Start of The records
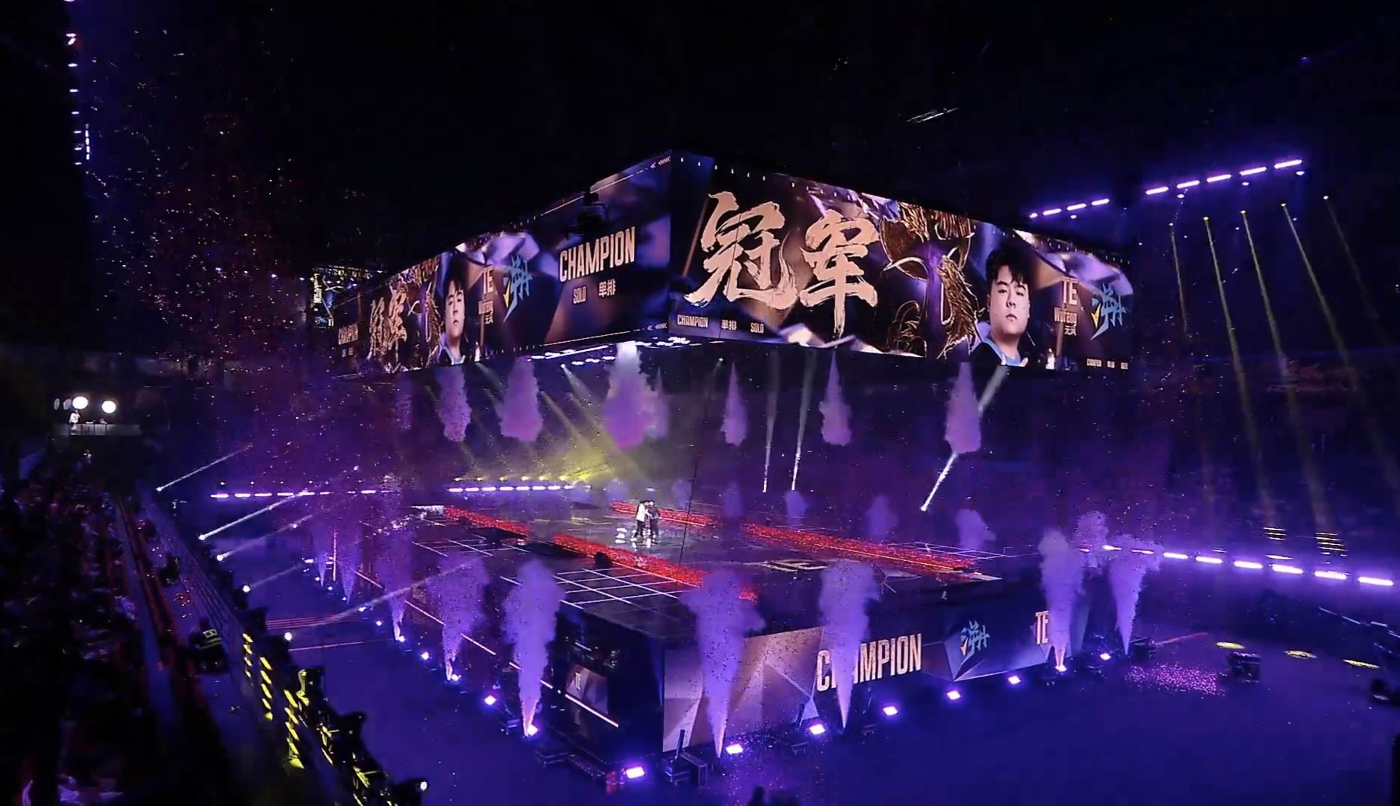 而在關鍵第七局末,戰況演變成由 TE.WuFeng、ASE.Xuanyuan 與 BBE.Froztivus的三強混戰,冠軍即將脫穎而出。最終由TE.WuFeng年單排決賽冠軍獎盃.TE.WuFeng在這座群星匯聚的舞台上,用實力向世界證明自己,開啟了職業生涯的嶄新篇章。
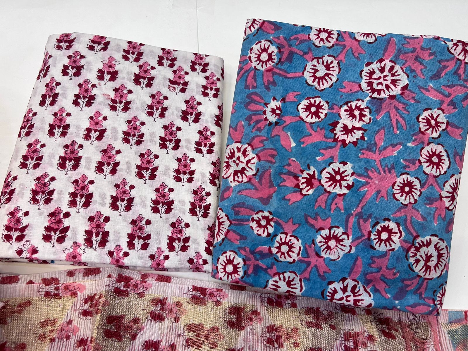 Hand Block Printed Cotton Suit with Kota Doriya Dupatta
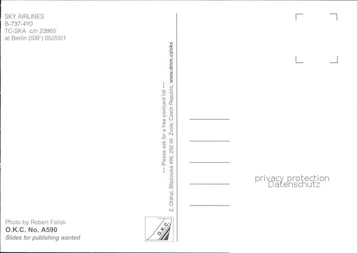 Flugzeuge Zivil Sky Airlines B-737-4Y0 TC-SKA c/n 23865 postalisch nicht gelaufen Erhaltung siehe scans
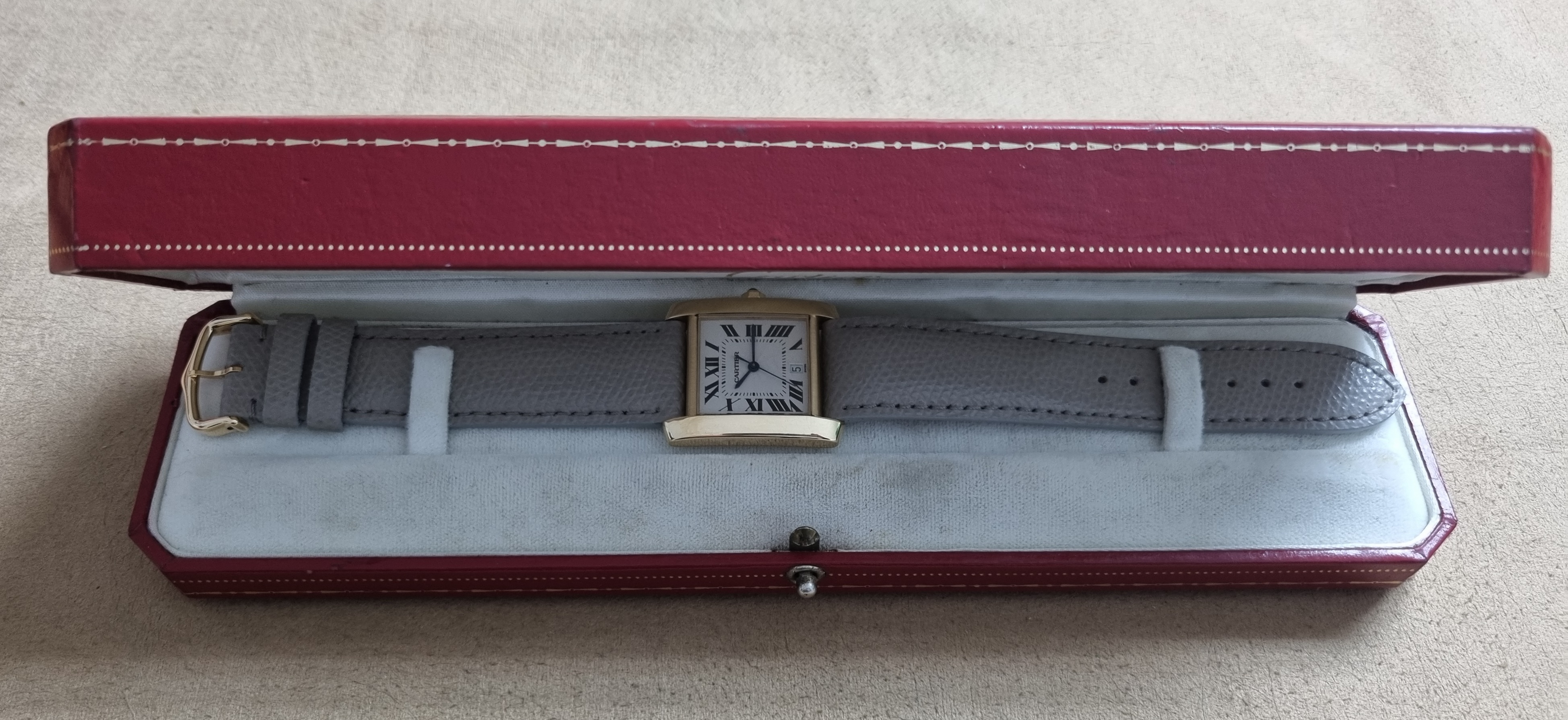 Cartier Tank Française 1840 Yellow Gold 18 Kt Silver Dial Automatic On Grey Leather Strap - Box. CARTIER TANK LADY'S REF. 1840 Yellow Goold Very fine, self-winding, 18K yellow gold lady's wristwatch with date.; Brand Cartier;Model Tank;Reference Ref. 1840;Year Made in the 2000s;Caliber 120;Bracelet Grey Leather new strap Cartier with 18 Kt yellow gold Cartier buckle;Accessories Original fitted box no papers ;Dimensions 28 x 32 mm.;Signed Dial, Case , Movement, Buckle and Strap.
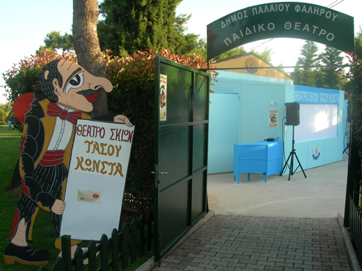 Ο Τάσος Κώνστας με το χάρτινο θίασο του μετά την ολοκλήρωση των παραστάσεων στο θεατράκι «Φιγούρες & Κούκλες» στην Πλάκα, κατηφορίζουν στο Φλοίσβο. Ο Δήμος Παλαιού Φαλήρου τους περιμένει στο νέο θερινό θέατρο σκιών, στο πάρκο του Φλοίσβου.
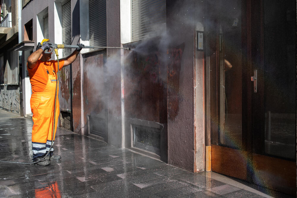 Neprimereni grafiti i druge žvrljotine koje su krasile zgrade užeg jezgra i dalje s vremena na vreme osvanu na fasadama, ali vrlo brzo nestanu pod mlazom vode.
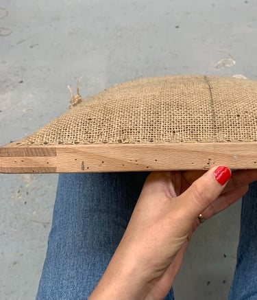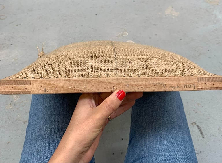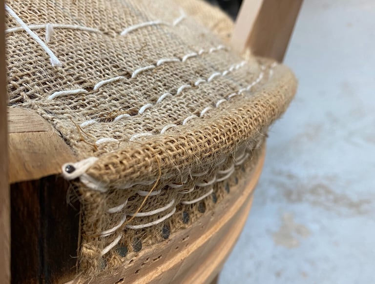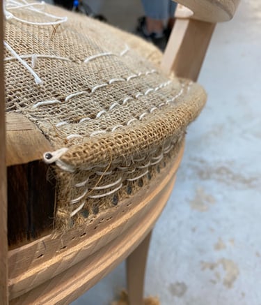 Les garnitures traditionnelles en crin sont connues pour durer dans le temps. Pour les réaliser il faut modeler le crin au travers des différentes toiles de jute à l’aide d’aiguilles courbes et de fil résistant. Chaque fil de la toile de jute fixé au siège compte. Le moindre écart de précision peut fausser toute la forme du siège. On sangle avec des bandes de jute le fond du siège dégarni au préalable. Ensuite, selon le siège et/ou le résultat demandé, on coud des ressorts adaptés. Ils ne sont pas nécessaires sur tous les sièges. On crée la forme du siège en tenant compte de l’époque du siège et de son style. Par exemple un siège Louis XV sera plutôt en courbes quand un siège Louis XVI demandera des lignes plutôt droites. La forme du bois nous guide.
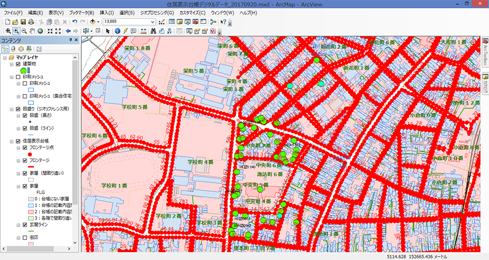 日常業務では、用途地域に関する窓口対応、課税状況の確認、道路照明等の設備補修履歴管理、建築確認申請等で、データの編集や主題図の印刷などに ArcGIS Desktop を使用している。また、作業の結果確認や状況確認などの閲覧用途では、ArcGIS Enterprise を用いて構築した庁内 Web GIS を業務で使用している。職員によって作成、更新されるデータは、庁内横断的な利用、各課での利用といった目的に応じた権限設定により ArcGIS Enterprise で一元管理され、各種の業務で利用されている。また、ArcGIS Online を使用して課固有の GIS 利用も行っており、家屋調査業務などで現地調査アプリを使用して現地の状況確認や写真での情報収集に GIS を活用している。
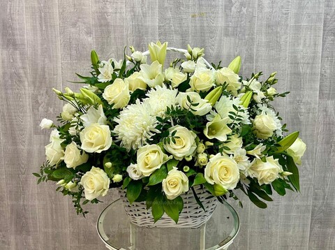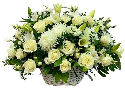 Корзина из белых живых цветов - станет символом уважения и прекрасной данью памяти.
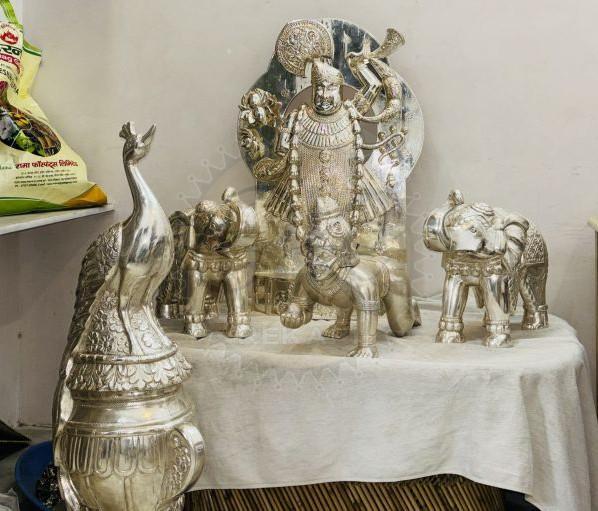 Established in the year 2022, Rekari Enterprises is among the leading and trustworthy organizations of this domain, engaged in Manufacturers, Wholesaler a wide range of products. Our offered assortment of products is comprises of Miniature Silver Paduka Pair, Ornate Peacock Roman Dial Table Clock, Ornate Throne Seated Ganesha Idol, Standing Venkateswara Temple Idol, Krishna Idol with Animal Companion Set, Embossed Silver Elephant Pair, Temple Arch Silver Jhoola Swing, Regal Silver Carved Accent Chair, Lion Pillar Antique Metal Jhoola with Cushioned Seat, Floral Arch Baby Cradle with Cushioned Base etc. Offered products are manufactured from supreme grade basic material by using modern tools and technology. All these products are made as per the industry approved parameters with the supervision of our skilled and experienced workforce. Our offered products are highly demanded across the market for their optimum quality.
End of The records
Make an exact copy of the lines above, beginning with the line with "Cartier Tank Française" and ending with the line with "Neprimereni grafiti i", and keep the pictures out of it.

» **Output for this exercise**:
 Cartier Tank Française 1840 Yellow Gold 18 Kt Silver Dial Automatic On Grey Leather Strap - Box. CARTIER TANK LADY'S REF. 1840 Yellow Goold Very fine, self-winding, 18K yellow gold lady's wristwatch with date.; Brand Cartier;Model Tank;Reference Ref. 1840;Year Made in the 2000s;Caliber 120;Bracelet Grey Leather new strap Cartier with 18 Kt yellow gold Cartier buckle;Accessories Original fitted box no papers ;Dimensions 28 x 32 mm.;Signed Dial, Case , Movement, Buckle and Strap.
 Ο Τάσος Κώνστας με το χάρτινο θίασο του μετά την ολοκλήρωση των παραστάσεων στο θεατράκι «Φιγούρες & Κούκλες» στην Πλάκα, κατηφορίζουν στο Φλοίσβο. Ο Δήμος Παλαιού Φαλήρου τους περιμένει στο νέο θερινό θέατρο σκιών, στο πάρκο του Φλοίσβου.
 Neprimereni grafiti i druge žvrljotine koje su krasile zgrade užeg jezgra i dalje s vremena na vreme osvanu na fasadama, ali vrlo brzo nestanu pod mlazom vode.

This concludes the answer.